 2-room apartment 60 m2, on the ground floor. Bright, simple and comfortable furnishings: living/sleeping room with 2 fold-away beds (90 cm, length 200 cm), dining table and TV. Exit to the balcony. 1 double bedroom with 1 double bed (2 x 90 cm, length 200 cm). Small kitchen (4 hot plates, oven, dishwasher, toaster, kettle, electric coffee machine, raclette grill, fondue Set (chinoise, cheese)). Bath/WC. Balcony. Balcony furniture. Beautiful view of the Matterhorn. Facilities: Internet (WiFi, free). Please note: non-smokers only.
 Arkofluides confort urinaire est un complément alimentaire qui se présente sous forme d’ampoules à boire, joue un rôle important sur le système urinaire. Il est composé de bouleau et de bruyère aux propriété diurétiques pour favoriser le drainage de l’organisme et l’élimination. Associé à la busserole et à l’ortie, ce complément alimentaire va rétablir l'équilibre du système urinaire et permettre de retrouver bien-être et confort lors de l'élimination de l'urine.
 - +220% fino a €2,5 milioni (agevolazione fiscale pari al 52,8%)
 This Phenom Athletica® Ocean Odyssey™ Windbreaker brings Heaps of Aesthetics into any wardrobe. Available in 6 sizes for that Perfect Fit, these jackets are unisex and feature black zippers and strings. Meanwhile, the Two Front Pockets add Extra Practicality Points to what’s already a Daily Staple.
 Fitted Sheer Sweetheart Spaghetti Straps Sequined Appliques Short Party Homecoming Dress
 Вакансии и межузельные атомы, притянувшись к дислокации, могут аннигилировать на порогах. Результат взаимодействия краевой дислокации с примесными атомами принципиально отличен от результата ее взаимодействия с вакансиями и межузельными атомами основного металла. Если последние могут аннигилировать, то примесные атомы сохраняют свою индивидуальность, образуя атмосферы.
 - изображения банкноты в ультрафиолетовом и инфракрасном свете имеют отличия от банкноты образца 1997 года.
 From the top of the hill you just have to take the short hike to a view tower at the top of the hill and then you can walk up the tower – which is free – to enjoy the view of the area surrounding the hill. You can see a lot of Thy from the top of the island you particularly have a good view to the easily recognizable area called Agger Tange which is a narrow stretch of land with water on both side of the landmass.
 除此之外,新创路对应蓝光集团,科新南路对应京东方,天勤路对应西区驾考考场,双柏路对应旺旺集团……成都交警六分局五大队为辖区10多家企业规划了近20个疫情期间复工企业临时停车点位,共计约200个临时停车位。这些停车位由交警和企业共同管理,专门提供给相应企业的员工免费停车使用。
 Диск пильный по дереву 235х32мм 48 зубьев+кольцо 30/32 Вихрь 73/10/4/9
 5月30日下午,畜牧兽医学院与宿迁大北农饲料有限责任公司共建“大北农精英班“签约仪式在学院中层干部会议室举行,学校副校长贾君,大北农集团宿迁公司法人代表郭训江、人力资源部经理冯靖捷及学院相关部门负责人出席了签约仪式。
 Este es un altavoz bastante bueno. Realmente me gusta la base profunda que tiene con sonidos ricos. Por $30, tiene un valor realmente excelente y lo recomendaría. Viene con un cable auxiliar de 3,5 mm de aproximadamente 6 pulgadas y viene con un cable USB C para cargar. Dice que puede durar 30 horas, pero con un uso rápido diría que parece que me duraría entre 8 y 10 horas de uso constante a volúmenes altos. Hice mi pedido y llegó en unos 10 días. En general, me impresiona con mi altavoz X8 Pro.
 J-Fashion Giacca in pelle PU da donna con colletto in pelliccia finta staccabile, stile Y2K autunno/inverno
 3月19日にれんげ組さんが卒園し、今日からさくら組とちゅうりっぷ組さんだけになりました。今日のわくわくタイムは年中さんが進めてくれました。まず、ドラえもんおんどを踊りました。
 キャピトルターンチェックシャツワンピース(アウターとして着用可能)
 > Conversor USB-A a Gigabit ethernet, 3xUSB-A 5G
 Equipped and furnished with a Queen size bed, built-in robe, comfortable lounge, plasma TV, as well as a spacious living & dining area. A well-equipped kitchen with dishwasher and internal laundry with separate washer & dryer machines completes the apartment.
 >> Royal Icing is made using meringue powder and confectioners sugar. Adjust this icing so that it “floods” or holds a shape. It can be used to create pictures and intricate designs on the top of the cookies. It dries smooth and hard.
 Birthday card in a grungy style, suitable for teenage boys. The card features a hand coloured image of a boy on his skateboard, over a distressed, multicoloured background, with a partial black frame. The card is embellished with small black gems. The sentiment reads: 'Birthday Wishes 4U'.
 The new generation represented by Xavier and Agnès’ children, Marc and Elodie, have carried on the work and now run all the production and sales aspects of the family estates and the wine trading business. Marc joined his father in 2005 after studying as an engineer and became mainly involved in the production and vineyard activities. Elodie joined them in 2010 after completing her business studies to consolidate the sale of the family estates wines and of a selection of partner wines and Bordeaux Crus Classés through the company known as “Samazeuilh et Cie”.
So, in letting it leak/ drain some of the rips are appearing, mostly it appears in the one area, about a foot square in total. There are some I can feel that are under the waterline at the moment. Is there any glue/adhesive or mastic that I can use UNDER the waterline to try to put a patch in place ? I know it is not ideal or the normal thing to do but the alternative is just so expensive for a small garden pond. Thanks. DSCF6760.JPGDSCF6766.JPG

Prompt. What is needed is an exact copy of the lines from the start of the listing through the line where "Arkofluides confort urinaire" sits, please, both end lines included and nothing more.

Response below.
 2-room apartment 60 m2, on the ground floor. Bright, simple and comfortable furnishings: living/sleeping room with 2 fold-away beds (90 cm, length 200 cm), dining table and TV. Exit to the balcony. 1 double bedroom with 1 double bed (2 x 90 cm, length 200 cm). Small kitchen (4 hot plates, oven, dishwasher, toaster, kettle, electric coffee machine, raclette grill, fondue Set (chinoise, cheese)). Bath/WC. Balcony. Balcony furniture. Beautiful view of the Matterhorn. Facilities: Internet (WiFi, free). Please note: non-smokers only.
 Arkofluides confort urinaire est un complément alimentaire qui se présente sous forme d’ampoules à boire, joue un rôle important sur le système urinaire. Il est composé de bouleau et de bruyère aux propriété diurétiques pour favoriser le drainage de l’organisme et l’élimination. Associé à la busserole et à l’ortie, ce complément alimentaire va rétablir l'équilibre du système urinaire et permettre de retrouver bien-être et confort lors de l'élimination de l'urine.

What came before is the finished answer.